> [To do]
Could you retype exactly the lines below between the one holding "Un diagnostic complet" and the one holding "アイロンプリントでTシャツに", inclusive, leaving out any pictures?

> [Data supplied]
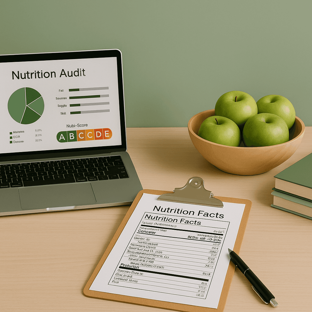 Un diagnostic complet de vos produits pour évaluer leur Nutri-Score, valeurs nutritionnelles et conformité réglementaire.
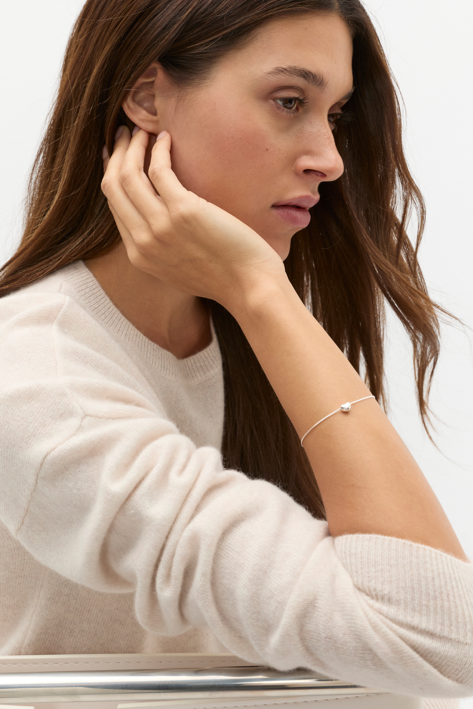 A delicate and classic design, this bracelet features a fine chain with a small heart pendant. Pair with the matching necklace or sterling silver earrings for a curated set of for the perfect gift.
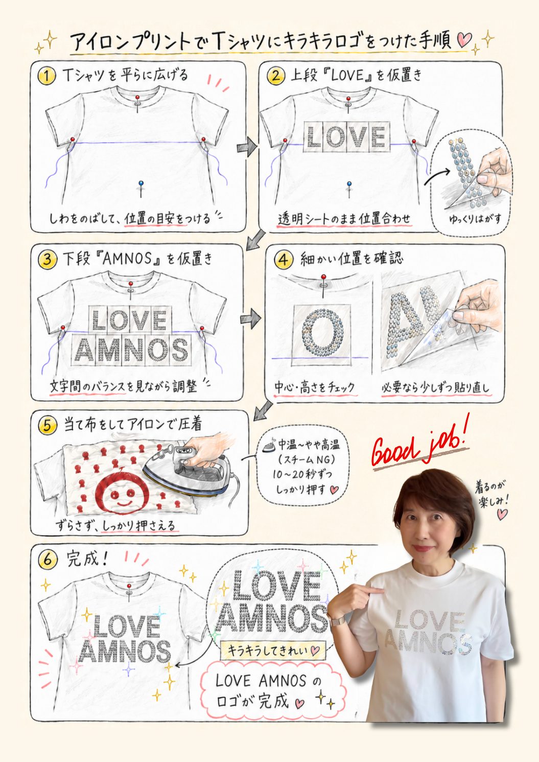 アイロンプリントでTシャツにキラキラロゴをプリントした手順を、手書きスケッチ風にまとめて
...
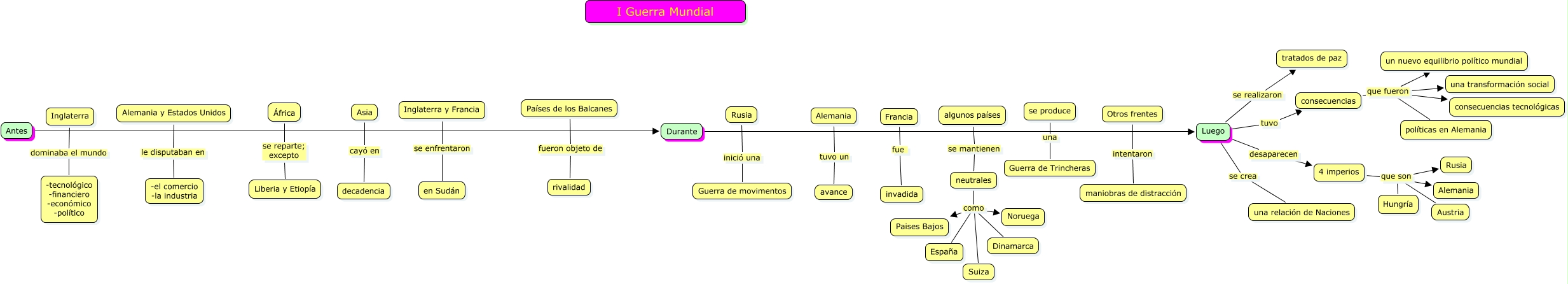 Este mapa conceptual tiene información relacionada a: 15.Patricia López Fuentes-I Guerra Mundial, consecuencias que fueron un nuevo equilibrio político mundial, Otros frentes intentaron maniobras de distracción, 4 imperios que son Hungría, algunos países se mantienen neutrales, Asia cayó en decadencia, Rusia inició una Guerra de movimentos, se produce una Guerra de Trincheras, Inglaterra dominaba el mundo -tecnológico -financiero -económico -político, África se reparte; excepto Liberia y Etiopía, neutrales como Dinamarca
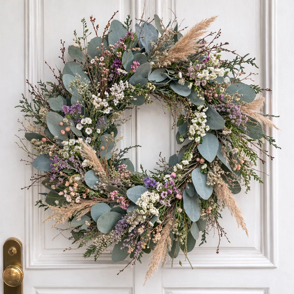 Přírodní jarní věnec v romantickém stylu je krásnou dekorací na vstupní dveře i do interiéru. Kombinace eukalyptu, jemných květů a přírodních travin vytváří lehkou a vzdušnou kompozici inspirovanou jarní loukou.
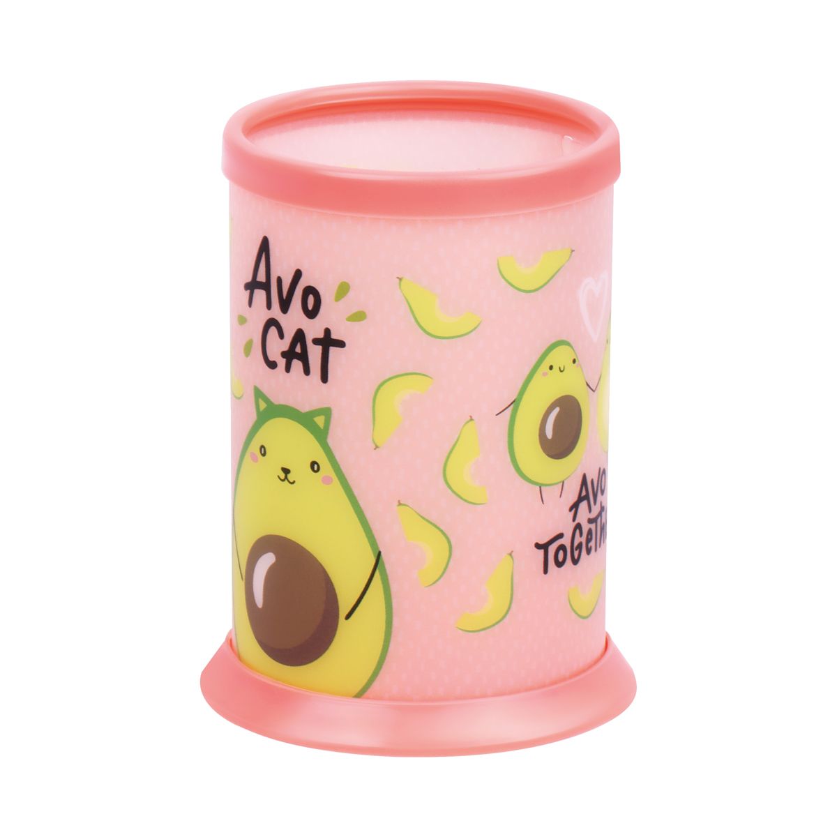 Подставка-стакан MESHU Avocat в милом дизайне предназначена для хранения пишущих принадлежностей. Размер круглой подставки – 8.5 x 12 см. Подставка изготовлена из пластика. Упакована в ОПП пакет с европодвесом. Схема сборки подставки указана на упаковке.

> [Answer area]
 Un diagnostic complet de vos produits pour évaluer leur Nutri-Score, valeurs nutritionnelles et conformité réglementaire.
 A delicate and classic design, this bracelet features a fine chain with a small heart pendant. Pair with the matching necklace or sterling silver earrings for a curated set of for the perfect gift.
 アイロンプリントでTシャツにキラキラロゴをプリントした手順を、手書きスケッチ風にまとめて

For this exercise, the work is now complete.